Notes on writing an R package

R package
Practical notes from preparing the SHAPforxgboost R package for CRAN, including DESCRIPTION, NAMESPACE, documentation, checks, and reviewer feedback.
Author

Yang Liu

Published

July 28, 2019

Although SHAPforxgboost is a small package, it still took me some time to get it through the CRAN checks. It has been available on CRAN since 2019-08-03. Install it with either:

install.packages("SHAPforxgboost")

or

devtools::install_github("liuyanguu/SHAPforxgboost")

Use the usethis package, https://usethis.r-lib.org/, to set up the package structure.

Some of my own experience

On description

Use single quotes around package names in both the Title and Description fields. For example: “This package uses the SHAP values output from ‘xgboost’”.

  • It is unnecessary to add any Depends in the DESCRIPTION besides R (>= 3.3.0).

  • The Imports field in DESCRIPTION does not automatically control what gets imported into NAMESPACE, even though both use the word import. The NAMESPACE is defined by @import tags in the R code. What you import into NAMESPACE is what matters at runtime, but the DESCRIPTION record should stay aligned because CRAN checks it.

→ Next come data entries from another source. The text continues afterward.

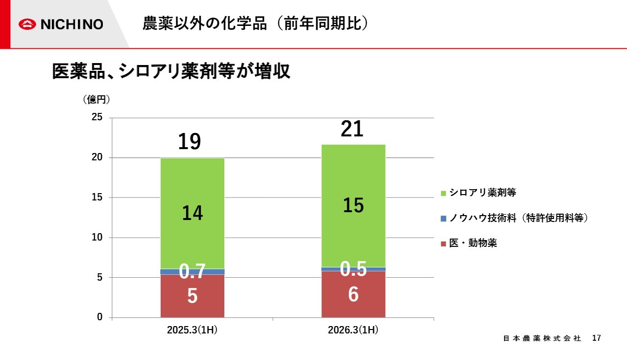 スライドのグラフは、農薬以外の化学品事業について、赤色の医薬・動物薬、青色のノウハウ技術料、緑色のシロアリ薬剤等に区分して実績を示したものです。当中間期の売上高は、前年同期比で微増となりました。
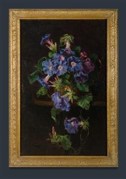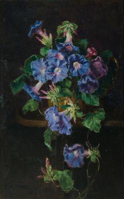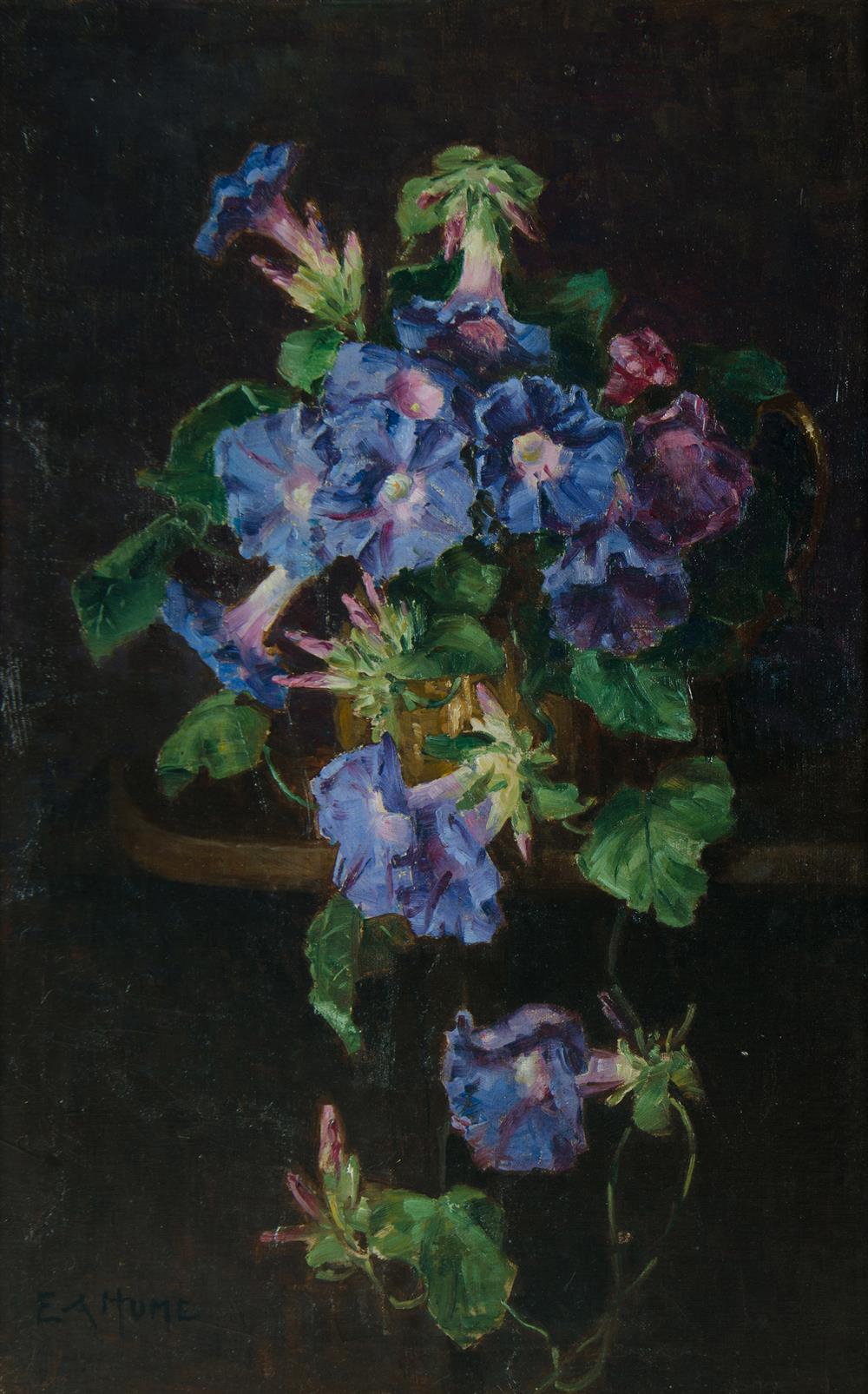HUME, Ellen Adye (1862-1933) 'Morning Glory at Night' Provenance details verso. Provenance: Angeloro family collection. Oil on Canvas on Board 60x38cm Estimate $300-500
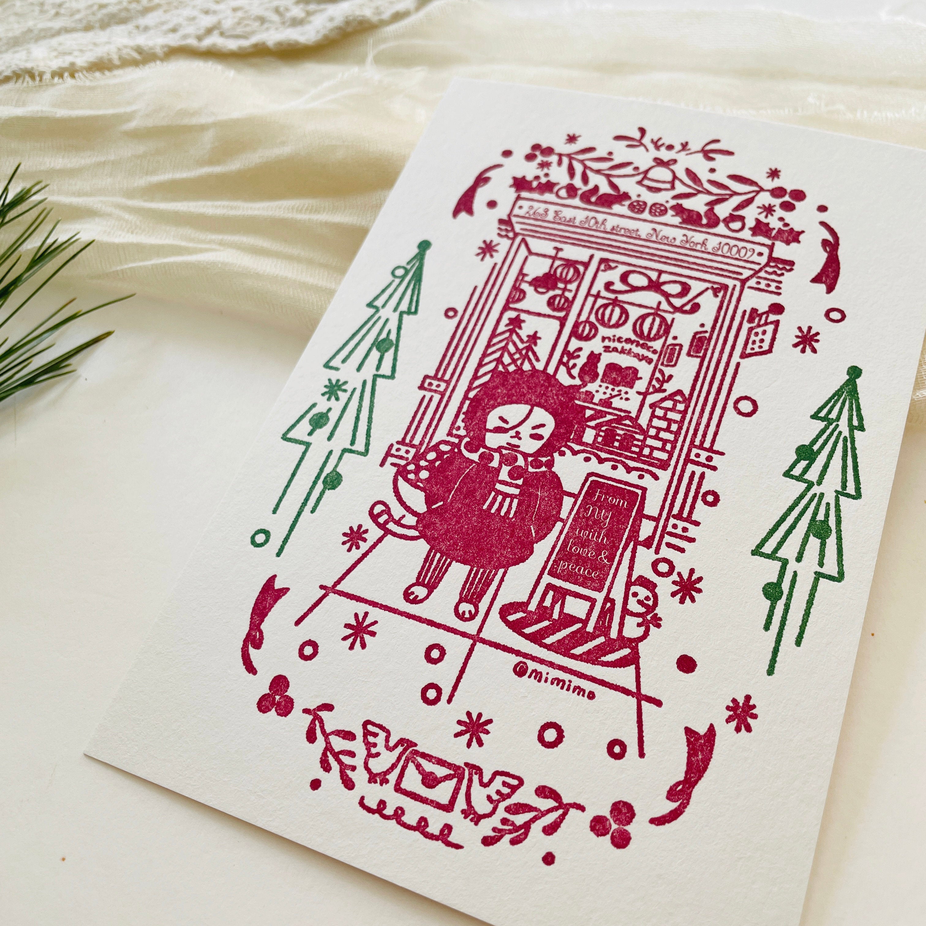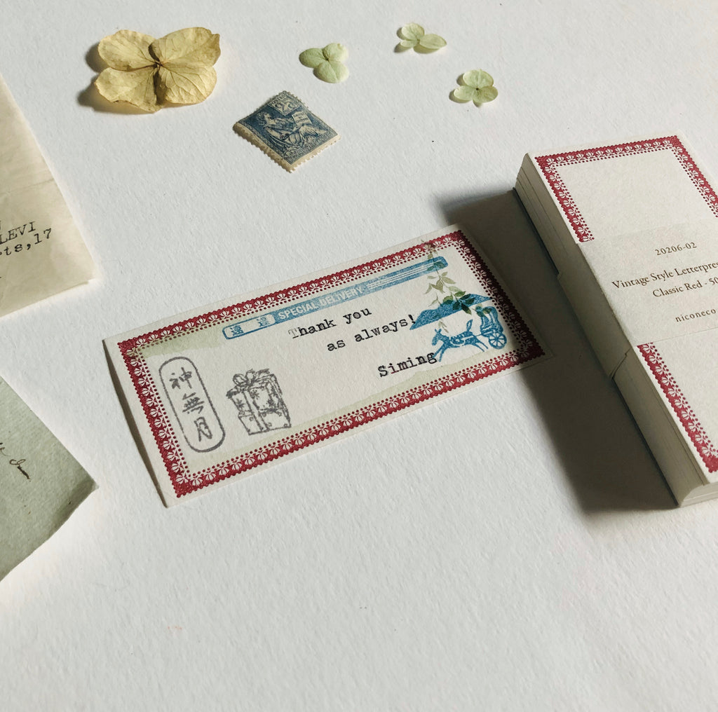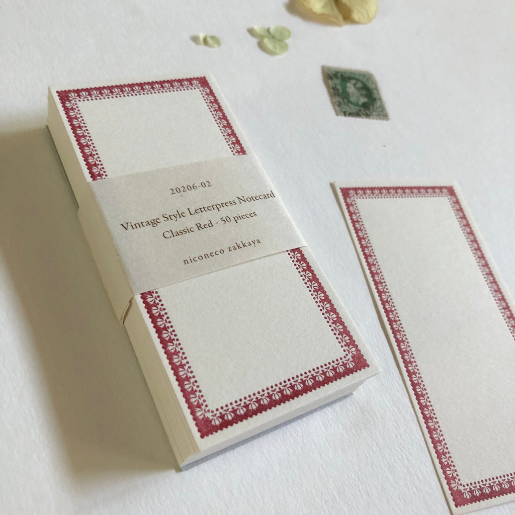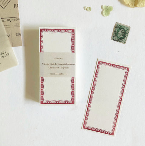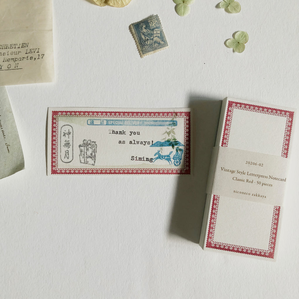 niconeco Vintage Style Letterpress Notecard - Classic Red
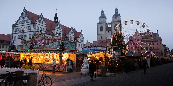 In a city so central to the Protestant Reformation, it is well worth taking a closer look at Wittenberg’s churches. The most famous is the Lutheran All Saints’ Church, built around 1340. It later became the official church of the University of Wittenberg and provided a pulpit for Martin Luther and his colleague Philipp Melanchthon to preach Protestantism. Luther and Melanchthon are both entombed within the church. The Town Church of St. Mary is renowned as the first to have celebrated mass in German rather than in Latin. Here, also, bread and wine were offered to worshippers for the first time, earning it a place as the “Mother Church of the Reformation.”
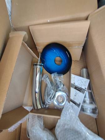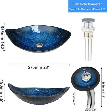 Washly 23"x14" Blue Bathroom Vessel Sink, Leaf Shape Tempered Glass Sinks And Faucet Combo, Washing Basin Bowl Waterfall Chrome Brass Pop Up Drain. Was $130 asking $70.
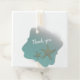 Beach wedding themed favour tag, with graphics of two starfish on an aqua water background. The back of the tag is done in a beach sand look. Personalise the text, on the front and back, to suit your wedding needs.
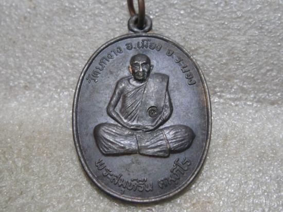 เหรียญหลวงพ่อรืน วัดนกงาง จ.ระนอง รุ่นแรก บล็อควงเดือนนิยม ปี 2519 เนื้อทองแดง ตอกโค๊ต ( มีจารเพียบ ) ผิวสวยๆ
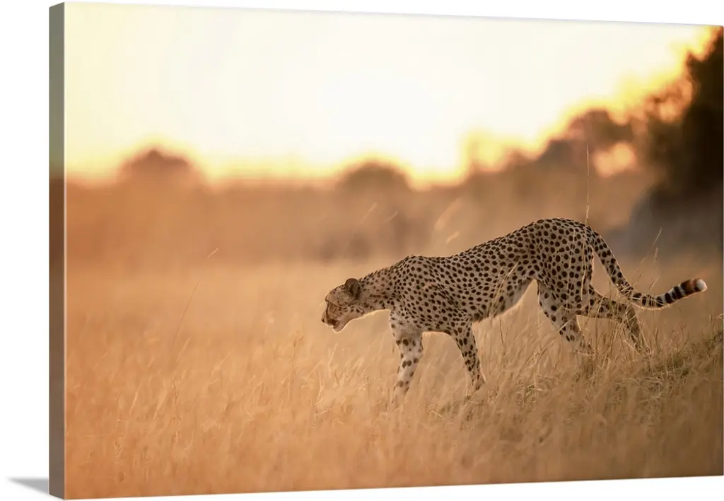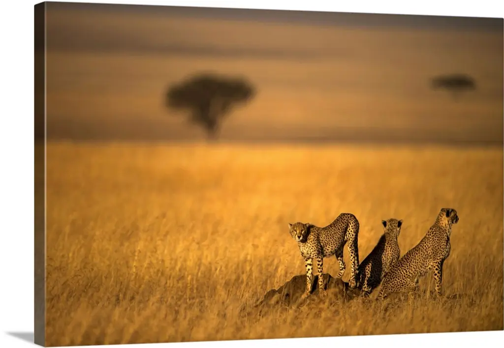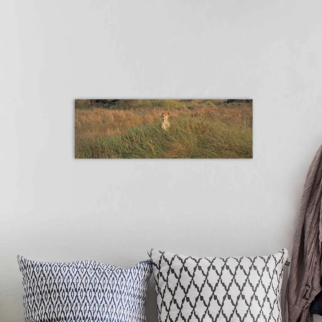 Kenya, Masai Mara National Park, View of a Cheetah camouflaged in a grassland wall art for home and office decor. Discover canvas art prints, photos, mural, big canvas art and framed wall art in GreatBigCanvas.com's varied collections.
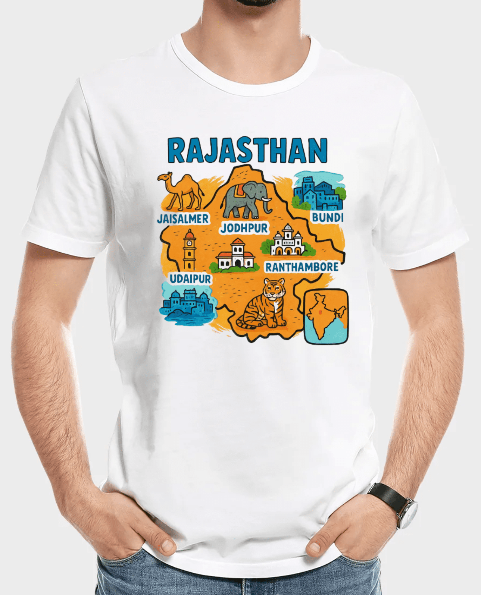 The piece uses a stylized, hand-drawn approach to capture the essence of Rajasthan through its geography, culture, and iconic symbols.
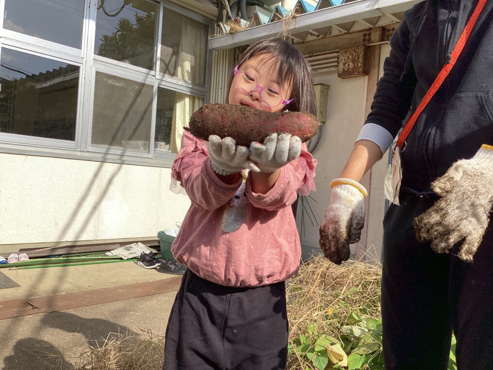 | 生活単元学習「やってみたいむ」では、6月に植えて栽培していたさつまいもを収穫しました。「大きくなっているかな。」「たくさんとれるかな。」とドキドキしながら、夢中で掘っていくと…大きなさつまいもがたくさん収穫できました。 |
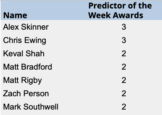 - Keval Shah, despite 27 predictors backing Chelsea to win, only Keval scored a maximum 40 points.
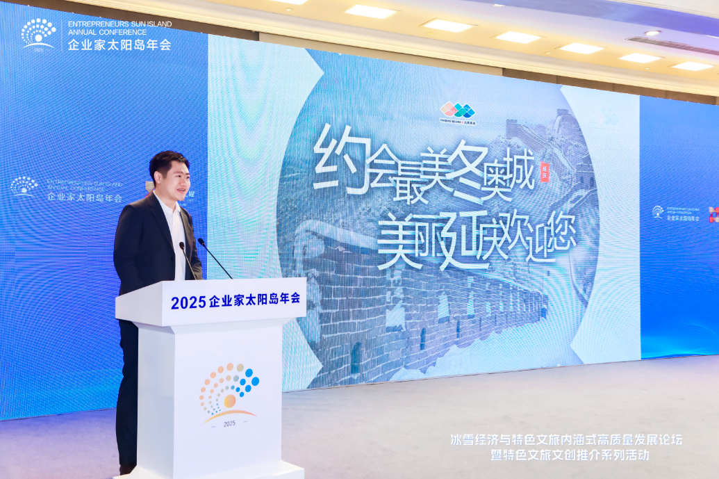 8月2日,2025太阳岛企业家年会“冰雪赋能发展 文旅创引未来”冰雪经济与特色文旅内涵式高质量发展论坛在哈尔滨举行。图为北京市延庆区文化和旅游局副局长鲍捷作延庆区文旅城市推介

How the DESCRIPTION looks on CRAN:

Namespace

load vs attach

  • If you have @import ggplot2 anywhere in the R code, the ggplot2 package will be loaded but not attached, and your package functions can use ggplot2. Your package knows to search in the namespace of ggplot2, but users cannot call functions from ggplot2 without typing library(ggplot2). This is the difference between attach and load, as discussed in Hadley’s R Packages book: loading a package does not put its functions on the search path, but attaching it does.

    • I.e., when others load and attach your package, they can use your functions depending on ggplot2 but they cannot use the functions from the ggplot2 package unless they load and attach ggplot2 by library(ggplot2).

    • If you put ggplot2 in Depends in the DESCRIPTION, library(yourPackage) would load and attach ggplot2 — same as doing library(ggplot2) — generally speaking you don’t need to do so.

  • If you name a function like plot.shap.summary it would be documented automatically as a S3 method of the plot generic function. So I changed the name to shap.plot.summary. I think in the future I shall not use dot in function names.

Documentation

  • @example R/example/sample1.R will attach sample1.R in the folder “R/example/” to the documentation of the function. If you write out the samples directly in the function code, you use @examples instead of @example.

  • All the function parameters should be documented using @param.

Potential problems when checking the package

  • You cannot have things like a line break “” in the documentation. It will give a warning of “unknown macro”, and will actually cause error when you try to download and build the package from github.

  • When checking the package, there will be notes saying that “no visible binding for global variable”. To remove such notes, adding anywhere in the script:

if(getRversion() >= "2.15.1")  {
  utils::globalVariables(c(".", "rfvalue", "value", "values complained")) # all the variables complained
  }
  • All the code scripts go into the R/ folder. I think it seems OK to leave undocumented functions in a separate script as long as they are internally called.

Helpful suggestions from the CRAN team when submitting the package

  • In the description, write package names, software names, and API names in single quotes (e.g. ‘Python’). The Title field should be in title case. The description should not start with the package name or “This package”.

  • Please ensure that you do not use more than 2 cores in your examples. Is there any reason why the number of core to use is not an argument of e.g. xgboost.fit()?

  • Please replace cat() by message() or warning() in your functions (except for print() and summary() functions). Messages and warnings can be suppressed if needed.